Your objective. Taking the line that contains "Пальто мужское зимнее" as the start and the last line of the data as the end, repeat exactly every line in that span, but no pictures.

Source material.

—————

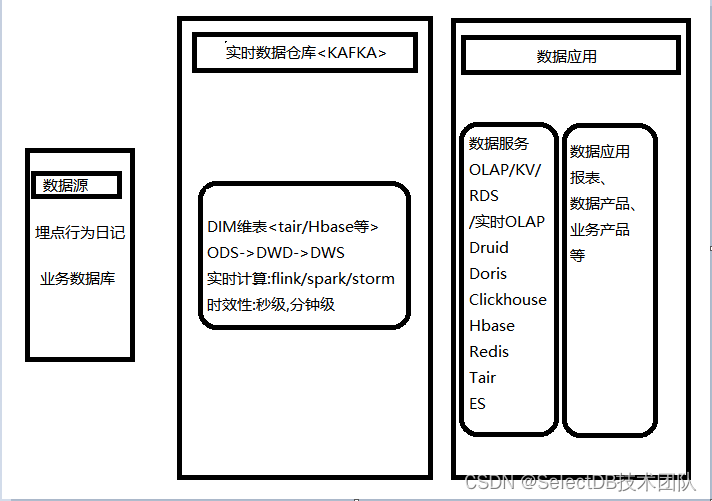 数据源:这是实时数仓架构的起点,可以包括各种在线交易系统、业务数据库、日志、传感器数据等。数据源可以是结构化的,如关系型数据库中的数据表,也可以是非结构化的,如日志文件或社交媒体数据流。
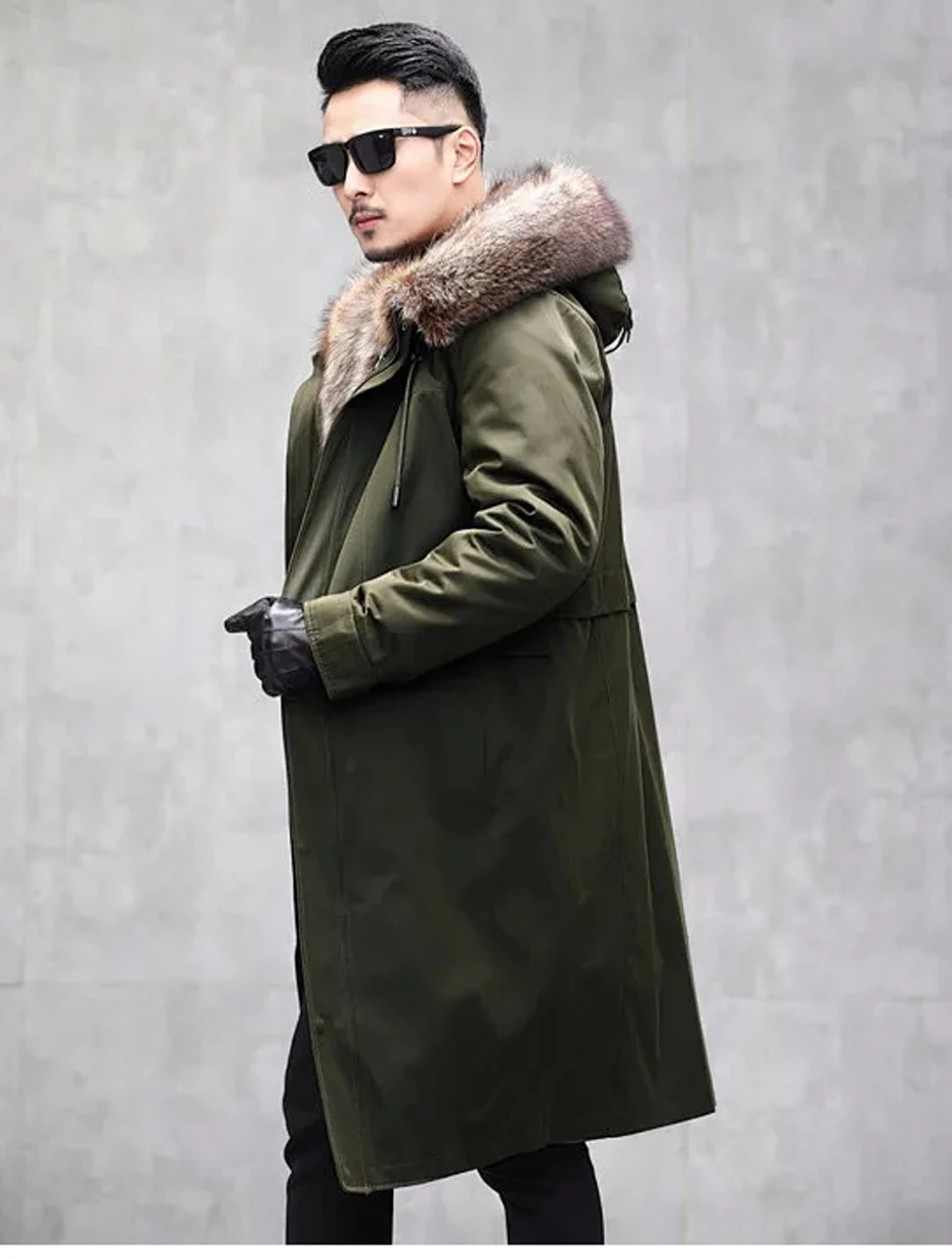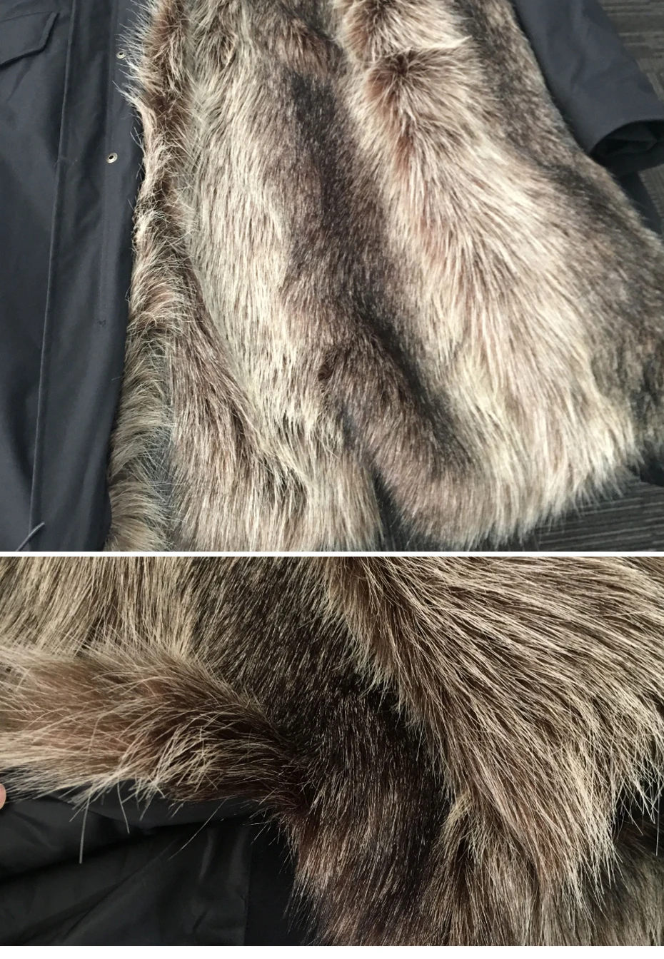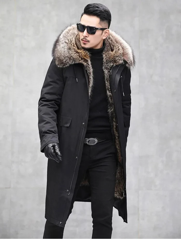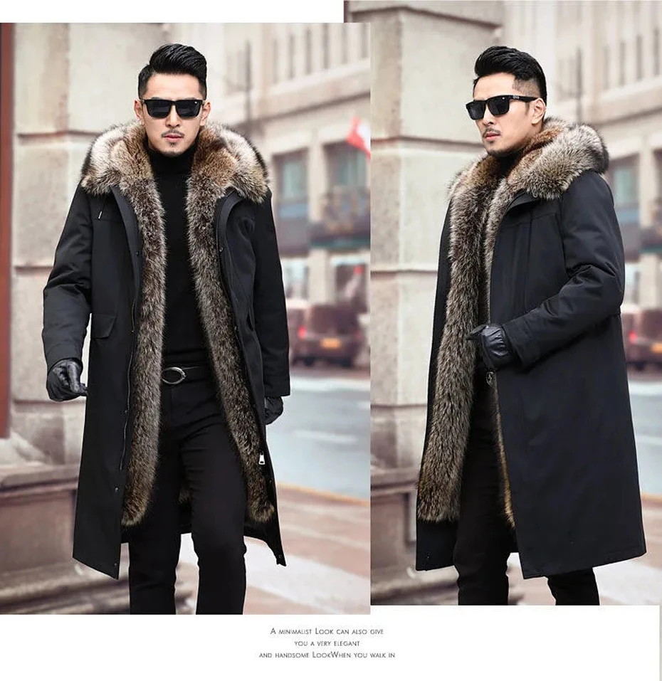 Пальто мужское зимнее длинное с большим меховым воротником, искусственный мех енота
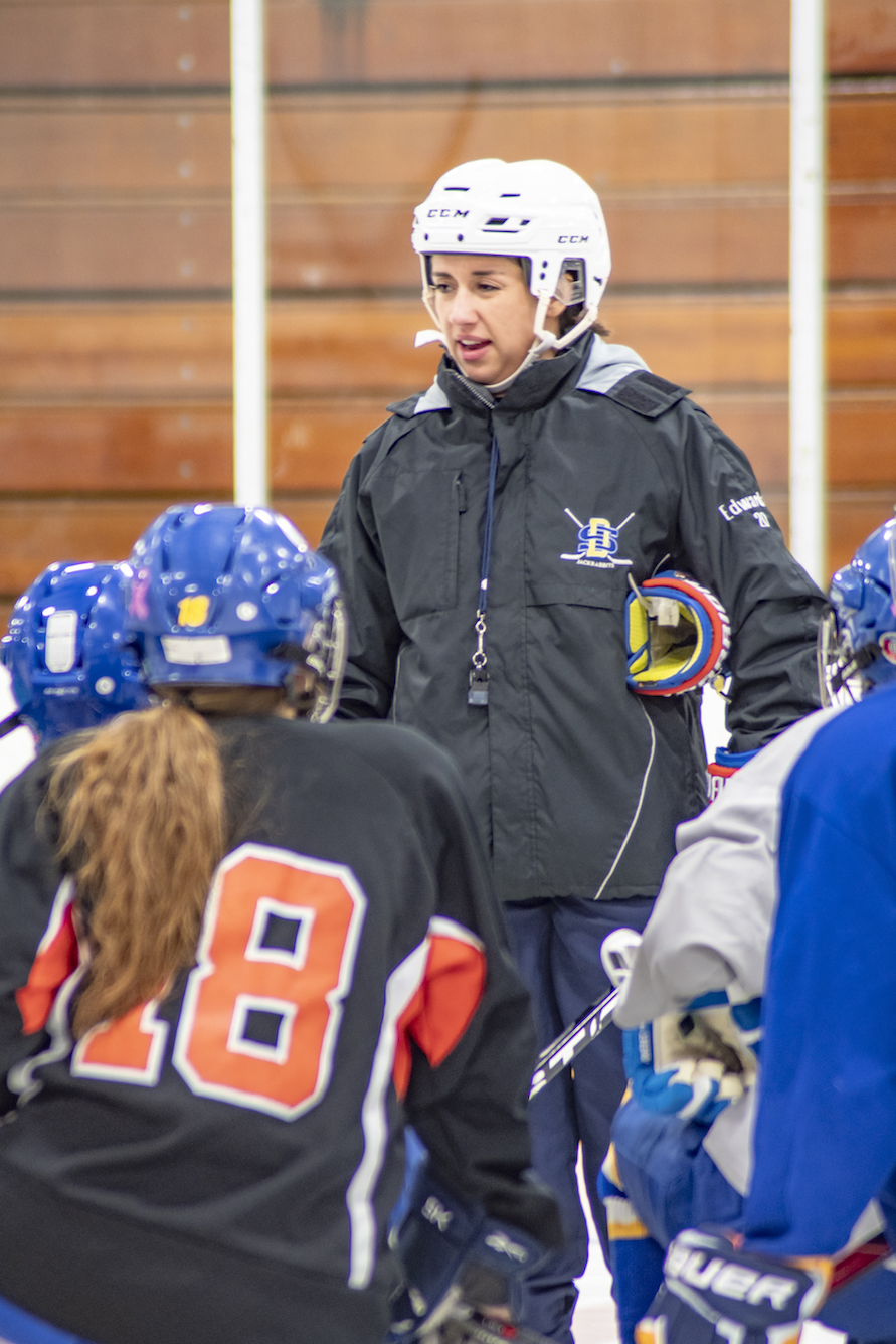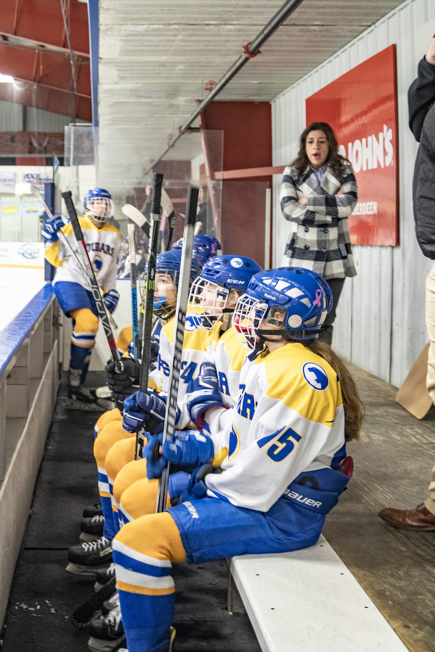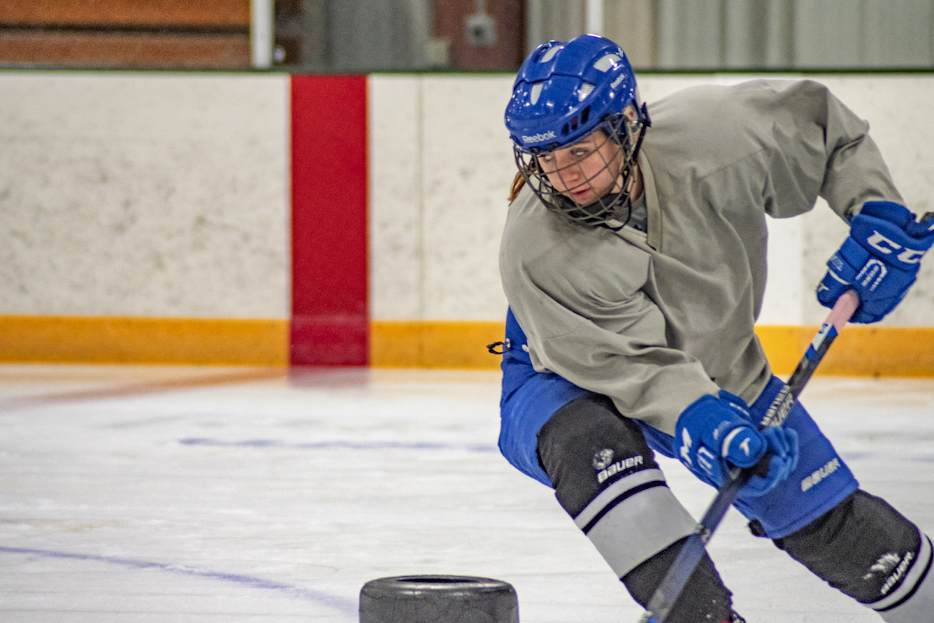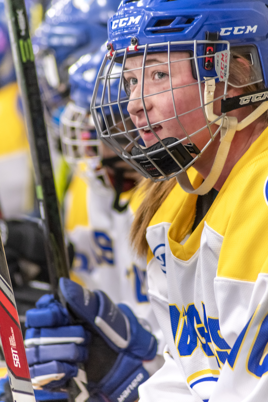 The Lady Cougars acknowledge there is some pressure that comes with a winning record in trying to maintain that momentum. Shelby says, “Having a good team, there’s a lot of weight on you because if you lose everyone’s really disappointed and sad. But that’s the point of hockey. You win some, you lose some. It’s not supposed to be all wins all the time, it’s supposed to be challenging too.” To combat any nerves, the team’s philosophy is pretty simple: practice. Being a Cougar takes a commitment of practicing four days a week along with playing games almost every weekend from October through March, many of which require travel to at least eight other towns. Coach Edwards says she doesn’t have any trouble with her team putting in the effort it takes to be successful.“These girls are hardworking, they all want to be at practice. Some of them we have to shoo away from the rink when they’re sick and convince them to go home and rest, but that’s a good problem to have.”

—————

Output of the task.
 Пальто мужское зимнее длинное с большим меховым воротником, искусственный мех енота
 The Lady Cougars acknowledge there is some pressure that comes with a winning record in trying to maintain that momentum. Shelby says, “Having a good team, there’s a lot of weight on you because if you lose everyone’s really disappointed and sad. But that’s the point of hockey. You win some, you lose some. It’s not supposed to be all wins all the time, it’s supposed to be challenging too.” To combat any nerves, the team’s philosophy is pretty simple: practice. Being a Cougar takes a commitment of practicing four days a week along with playing games almost every weekend from October through March, many of which require travel to at least eight other towns. Coach Edwards says she doesn’t have any trouble with her team putting in the effort it takes to be successful.“These girls are hardworking, they all want to be at practice. Some of them we have to shoo away from the rink when they’re sick and convince them to go home and rest, but that’s a good problem to have.”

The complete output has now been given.